However, it goes beyond the mere question of undisclosed costs. This raises yet another constitutional and policy concern because we, as members of Parliament, have a constitutional responsibility for the oversight of legislation. In particular, we have a responsibility for the oversight of the spending power and the public purse. How can we exercise that responsibility when these costs are not disclosed to us as they must be?

I might add, in case we have forgotten, that the last election was triggered by a contempt of Parliament vote in this chamber. The contempt of Parliament was organized around the fact that the government had not then disclosed the costs with respect to criminal law legislation. Now that the Conservatives have a majority, they consider that they do not have to disclose the costs and can do so with impunity.

Therefore, this first import is not only a constitutional issue in terms of us having our responsibility to have a constitutional oversight addressed, it also raises a question of ongoing contempt for Parliament as an institution in not disclosing the costs.

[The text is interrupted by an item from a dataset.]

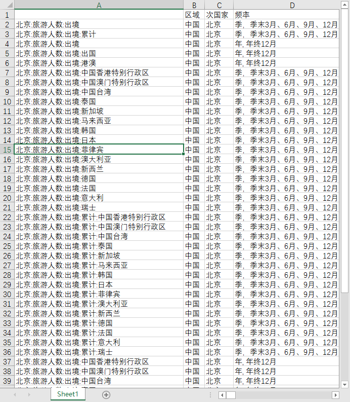 旅游业北京出境人数出国旅游到全球世界各国地区2009-2024季度2000-2024年度数

That leads me to a fourth concern and one that we have seen throughout the evidence that has been disclosed. There has been insufficient consultation with the provinces and territories that will be assuming these costs at the expense of other government services that they need to dispense and would help ensure also that the focus would have been on crime prevention and not just on punishment. That is what the Quebec minister of justice, Jean-Marc Fournier, attempted again and again to convey to the Minister of Justice. He wrote a letter on September 30 to the minister in which he states:

... that, despite much correspondence and one meeting, the concerns I raised with you have not been addressed in Bill C-10.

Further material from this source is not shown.